If my saying that bothers you, leave.
Seriously. That is not a rhetorical request.
[Insane ramblings deleted for violating comments policy–RC]
[Insane ramblings deleted for violating comments policy–RC]
@Dr. Richard Carrier You say: And I disagree with the claim that a Josephan TF argues against historicity. It would only argue for Josephus being a lazy and godawful writer and historian (because the TF is just a crib from the Gospel of Luke
My response is that I agree that a Josephan TF does not argue against a historical Jesus.
But, second, the TF is not a crib from the Gospel of Luke. Important Question to You: Is Rabbi Johanan’s admission of the Immaculate Conception a crib from the Gospel of Luke?
Luke studied Josephus. Now, you’re saying Josephus studied Luke?
The profound illogicality of what you just said is glorious in its pristine condition. It requires no comment. You not only don’t understand what I just said, you can’t even make a single coherent argument. Yet you rest convinced you are right. That is why I have to conclude you are insane.
[Insane ramblings deleted for violating comments policy–RC]
Since Carrier has not replied to Kilian, I think I should be allowed to give an addendum? Kilian claims the two texts use “vaguely similar wording”, but that is clearly a false statement. The first name “Giles” is very common as is the surname “Gaffney”, yet I might be the only “Giles Gaffney” in the world believe it or not. Now when you find a whole host of such word groupings and phrases in two texts it’s anything but “vague”–it’s a definitive example of a unique pattern indicating manmade design by it’s very definition:
http://www.caesarsmessiahproven.com/pics/model.jpg
http://www.caesarsmessiahproven.com/signs.htm
“four winds” + Woe x 8 + “Bridegroom and Bride” + “False Prophets” + Jesus + East + West + Clouds + many more clusters of words.

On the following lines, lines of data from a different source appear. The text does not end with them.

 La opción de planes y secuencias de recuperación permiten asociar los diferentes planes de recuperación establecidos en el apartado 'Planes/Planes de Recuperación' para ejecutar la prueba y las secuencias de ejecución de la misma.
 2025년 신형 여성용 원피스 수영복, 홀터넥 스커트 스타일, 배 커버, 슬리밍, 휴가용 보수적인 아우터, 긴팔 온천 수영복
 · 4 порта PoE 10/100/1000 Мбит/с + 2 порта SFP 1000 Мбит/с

Kilian said: “You are like someone pointing out the many similarities between Tolkien and Blind Guardian and then try to persuade us that Lord of the Rings is a conspiracy written by power-metalheads”

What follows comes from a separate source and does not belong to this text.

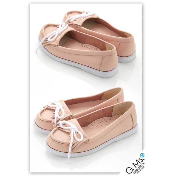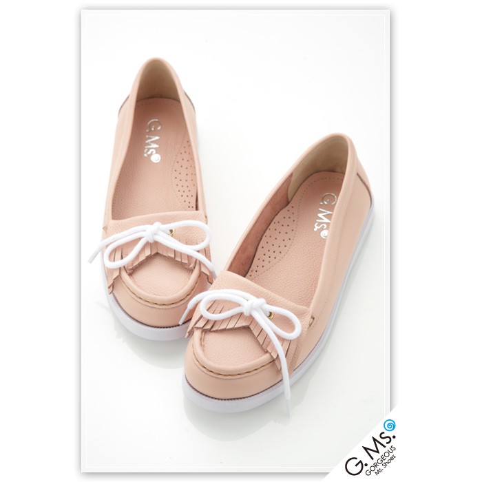 G.Ms. 蝴蝶結流蘇莫卡辛全真皮帆船鞋-粉紅色35碼
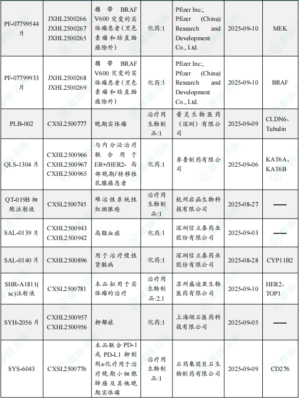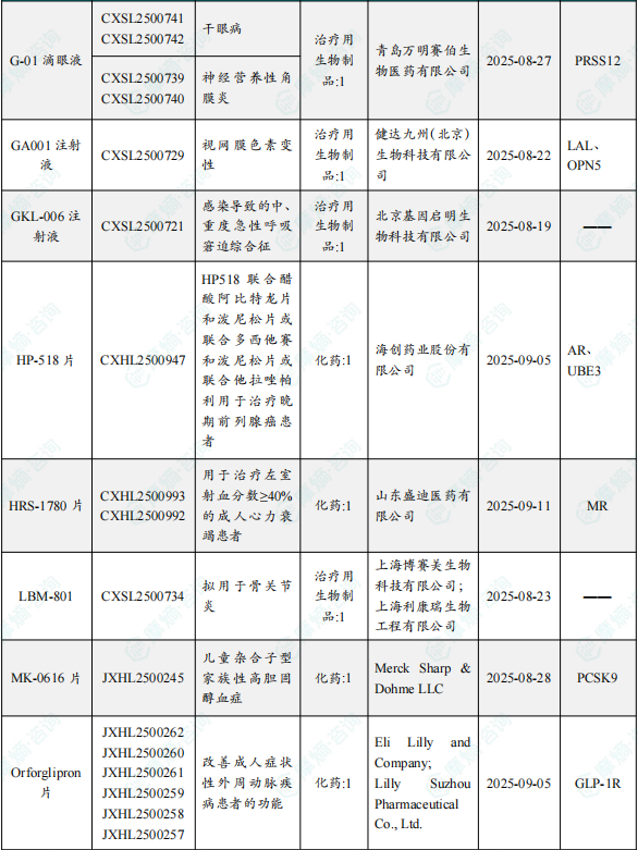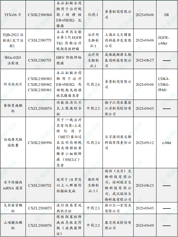 备注:(1)此处未包括补充申请之情形;(2)此处所列创新药/改良型新药,主要是指CDE受理批准的1类、2类、5.1类以及生物制品3.1类和3.2类。(3)更多获批临床信息及研发进展详情及相关靶点全局分析等,可通过摩熵中国药品审评数据库获取并下载EXCEL表格。

But I was only describing the very first step in linking Josephus to NT – nothing more – since we never got beyond that stage where you questioned my use of common sense.

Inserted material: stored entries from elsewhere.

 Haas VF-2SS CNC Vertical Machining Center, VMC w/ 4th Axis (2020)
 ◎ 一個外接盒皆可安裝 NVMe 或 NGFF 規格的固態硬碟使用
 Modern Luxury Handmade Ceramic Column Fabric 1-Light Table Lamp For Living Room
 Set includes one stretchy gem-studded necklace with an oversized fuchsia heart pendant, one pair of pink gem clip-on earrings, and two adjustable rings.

And in that very first example we are not just looking at word patterns. Both texts describe the same Temple of Jerusalem and the signs that preceded it’s destruction yet suspiciously the two Jesuses are lampoons of each other, so the authors are “making fun” out of readers who are too nuts to notice the patterns. Matthew is prophesising signs in future tense, while Josephus is describing each sign as having come to pass in present/past tense. This is far from coincidental–it has a human touch in a way unlike any of the parallels that exists between the OT and NT.
Though I quote a modern source here, up until the early 20th century this was the widely held view of these parallel texts: “and in 70 AD, Roman armies under General Titus smashed Jerusalem and destroyed the great Jewish temple which was the heart of Jewish worship…in fulfillment of Christ’s prophecy in Matthew 24:2. ” http://www.redicecreations.com/specialreports/2006/04apr/catholicislam.html
The above was written by an ex-Jesuit several years before Atwill published Caesar’s Messiah.
http://waterbearingfish.wordpress.com/2014/06/10/atwills-cranked-up-jesus-richard-carrier-blogs-freethought-blogs-review/
Bart Ehrman insists that Paul saw Jesus Christ as an Angel. You say that Jesus Christ was not crucified on Earth but in a lower heaven. For this reason, you cannot agree with the Testimonium Flavianum.
Well, Joseph Atwill may or may not be asking his readers to agree: 1) Josephus is being sarcastic as Steve Mason mentions and as I mention in my review of this blog at the url provided; or, 2) Josephus is only being sarcastic about the resurrection portion of his contemporary gospel writers.
None of which is relevant. You can’t ignore all the evidence, and instead cherry pick one subjective aesthetic hypothesis about what maybe something might be, and then conclude the latter is true.
Stephencampbell:
Assuming Josephus even wrote this, I think he’s being skeptical about the crucifiction as well. He only says the guy was “sentenced to a stake / crux” (my translation), rather than actually crucified or impaled. And the Greek the TF writer uses is completely different from the usual verbiage Josephus employs for “condemned to be crucified”.
Shalom, everyone, I am new here, but have been reading this blog, closely, and have read Atwills book, and Steve masons, and I noticed that Mason talks about Josephus’ geneology, as having problems as far as linking to the Maccabees, and long ago I noticed Jesus’ geneology, having problems at the same place as Josephus’..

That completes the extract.